Ивар… Что же ты натворил, друг мой…
Бэйл всколыхнул во мне чувства, которые мне казалось, давно уже умерли, истёрлись в памяти и почти истлели, но теперь они все тут, точно такие же яркие, как были изначально. Всё, что было на этом проклятом отборе, я помню. И это заточение. Оно вовсе не за то, что я пошёл против короля. Оно за то, что я пригласил его на отбор, погубивший моего друга.

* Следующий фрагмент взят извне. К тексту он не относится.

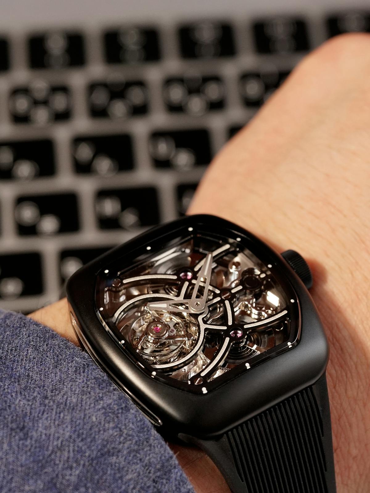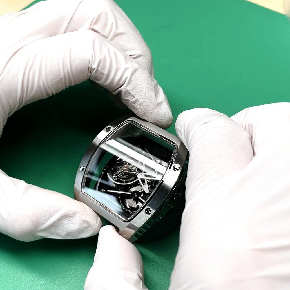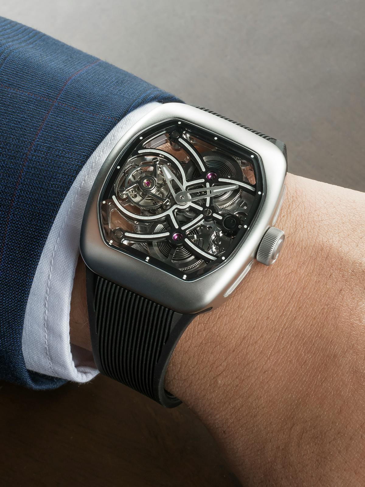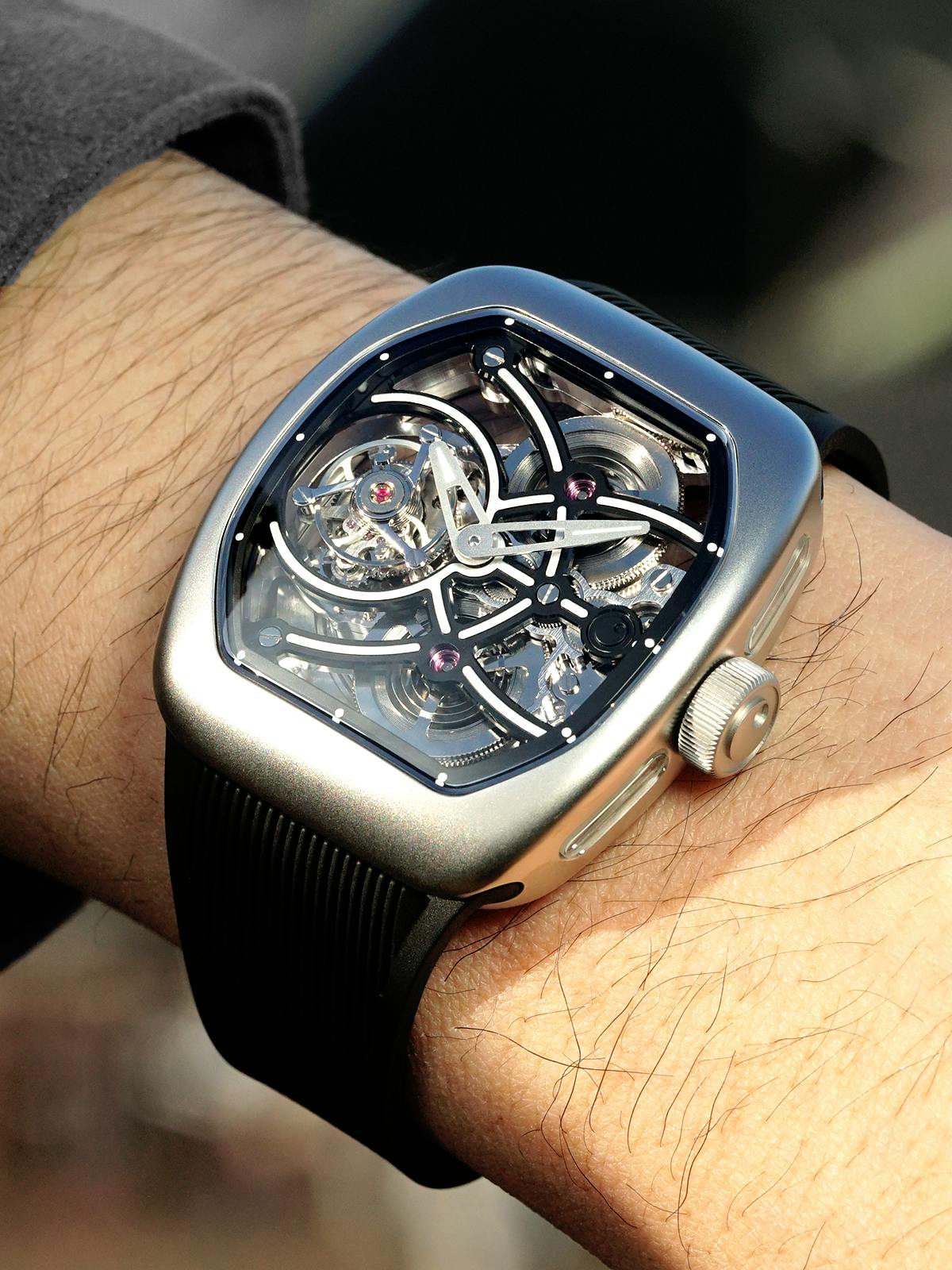 T4で培ってきたトゥールビヨンを極限まで見せるスケルトン表現。T9で到達した、新世代トノーケースの曲線美と装着感。T9-02は、この二つを同時に成立させることができるのかを確かめるために生まれた、挑戦的なモデルです。

Сколько раз я крутил в голове слова Ивара, сколько думал о них за эти месяцы. Что, если всё это правда? Что, если он сам погубил свою жену, прекрасную Элис, чудесную, полную жизни Элис…
В груди что-то больно сжимается от одного воспоминания о ней.
Она не заслужила этого. Я поднимаю голову и обращаюсь неизвестно к кому, то ли к драконьему богу, то ли к давно забытым божествам прошлого, о которых мне рассказывали учителя.
Если только я когда-нибудь выберусь, я найду его детей, найду и позабочусь о них.
Но я не выберусь. О том, что я здесь, никто не знает. Так же, как никто не знает, кто я такой. Не нужно тешить себя глупыми надеждами…
На следующее утро Бэйл не появляется.
Я жду его, не смыкая глаз почти всю ночь, но его нет. Я провожу весь день в одиночестве, и, на моё счастье, идёт дождь, так что я могу выставить руки в окно и набрать дождевых капель.
К ночи меня буквально вышибает. Я засыпаю, как убитый, и всю ночь меня терзают страшные сны, где перемешано моё прошлое, моё настоящее и возможное будущее.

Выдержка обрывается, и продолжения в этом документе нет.